Kepala Pusat Pengendalian dan Pencegahan Penyakit Afrika (CDC Afrika), mengatakan pengobatan ini “bukan pengobatan yang tepat untuk Rwanda dan Afrika”.
Hanya dalam dua minggu, Rwanda mencatat 13 kematian akibat penyakit ini – sebagian besar di antara petugas kesehatan, kata menteri kesehatan negara itu dalam sebuah pernyataan.
Namun para pejabat mengatakan wabah ini sudah terkendali.
Namun, mereka yang berada di garis depan takut akan konsekuensinya.
“Ini membuat Anda takut ketika melihat orang meninggal dalam profesi yang sama,” kata Maria, seorang perawat perawatan intensif di sebuah rumah sakit di ibu kota Rwanda, Kigali, bukan nama sebenarnya.

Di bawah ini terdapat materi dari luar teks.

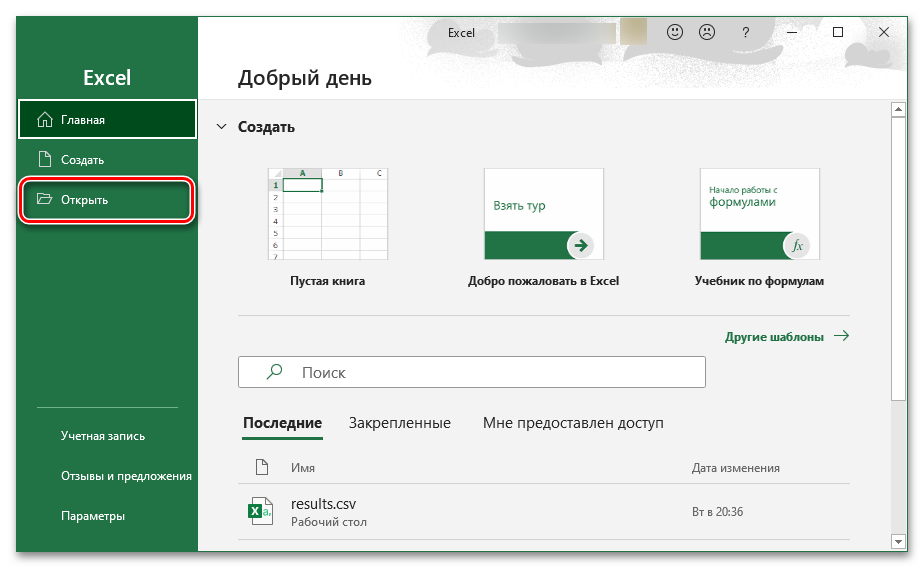 - Нажмите кнопку «Открыть», находящуюся в левом меню. Можно также задействовать комбинацию Ctrl+O, чтобы быстро перейти к меню выбора файла.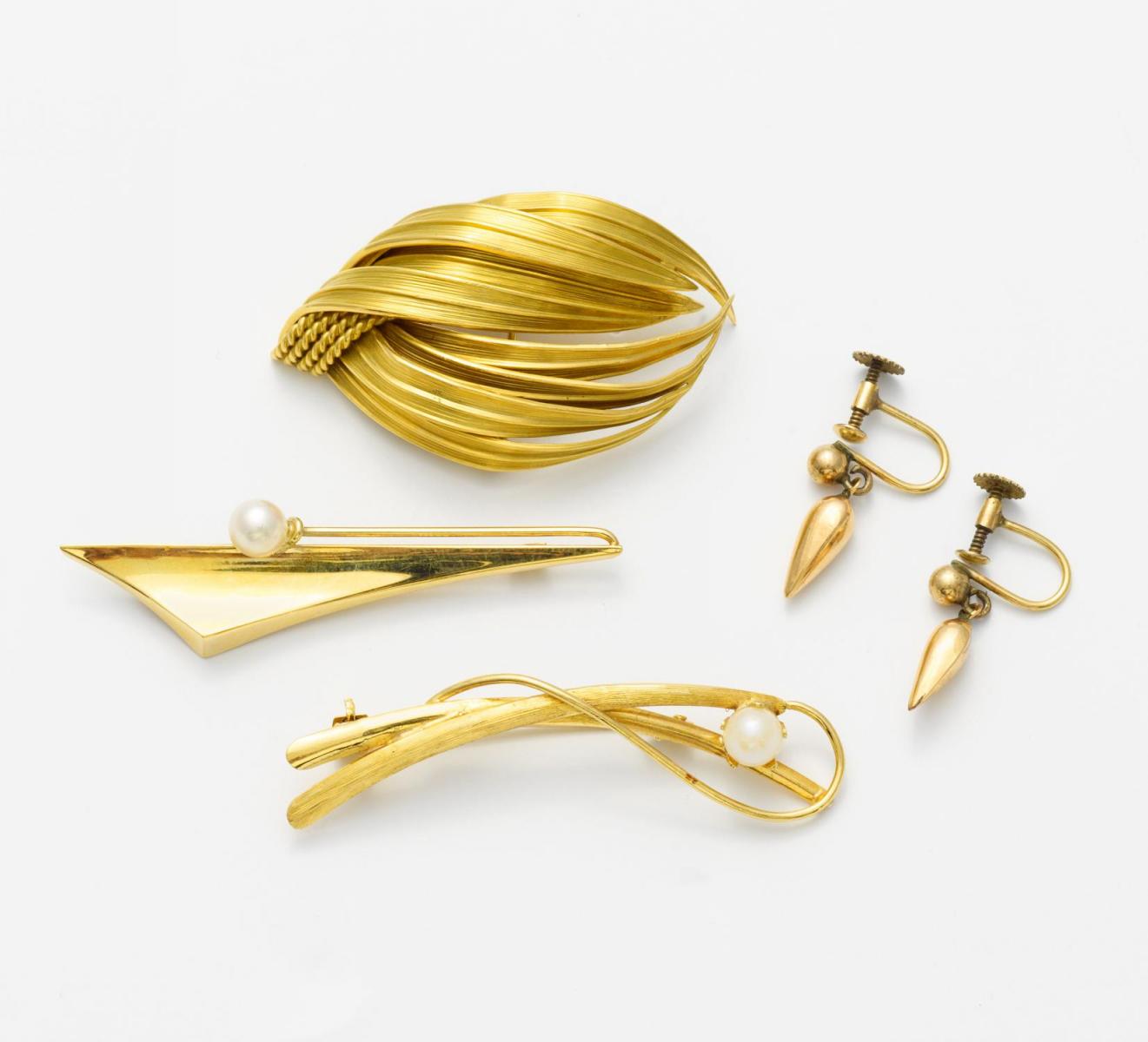 1 Brosche: 750/- , 2 Broschen: 585/- Gelbgold, gestempelt, Gewicht: 1. 12,0g, 2. 8,0g. D.ca. 4,5 x 2,5cm, L.ca. 5,1cm. 2 Süßwasser-Zuchtperlen, weiß, rosé, D.ca. 5mm.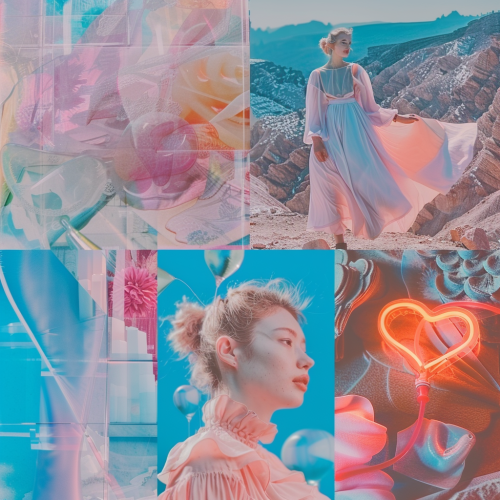 a collage of opposites that is nostalgic futuristic fairy tale, Wes Anderson aesthetic, rare, independent film style, pastel color palette, moody, Aphrodite aesthetic theme, real photo, grainy photography, vintage aesthetic, unique geometric details, nature aesthetic, futuristic nature, fun, playful, royal, fashion, playful, moody, real life, candid photography, photography, real photo, film by Wes Anderson, landscape film photography, role of thirds, weird, crazy scene from movie, chaos, cinematic landscape, heart neon sign, photography, mystical, edgy, magazine cutouts --v 6.0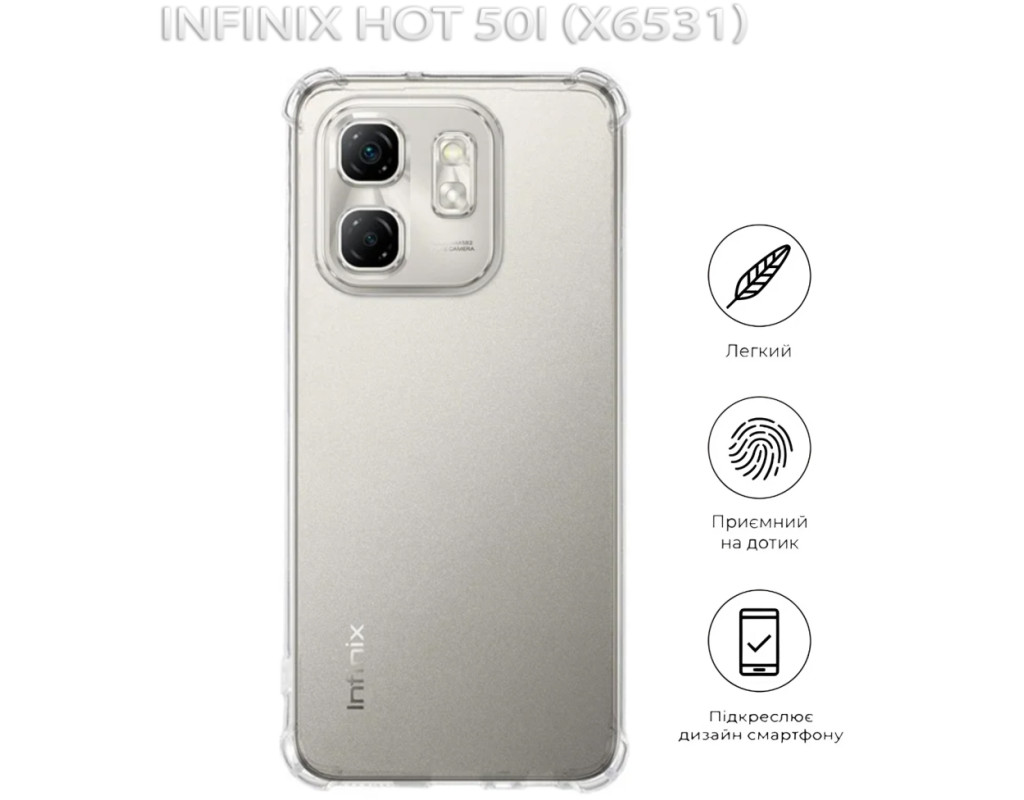 совместимость с моделями - Infinix Hot 50i, Тип чехла для телефона - накладка, Назначение - модельный, Цвет - прозрачный

Maria berbicara kepada BBC tanpa menyebut nama karena dia khawatir akan kehilangan pekerjaan jika berbicara di depan umum.
“Saya tidak bisa berhenti mengatakan bahwa mungkin saya orang berikutnya, mungkin saya positif tetapi tetap tidak menunjukkan gejala,” kata perawat sekaligus ibu berusia 46 tahun itu.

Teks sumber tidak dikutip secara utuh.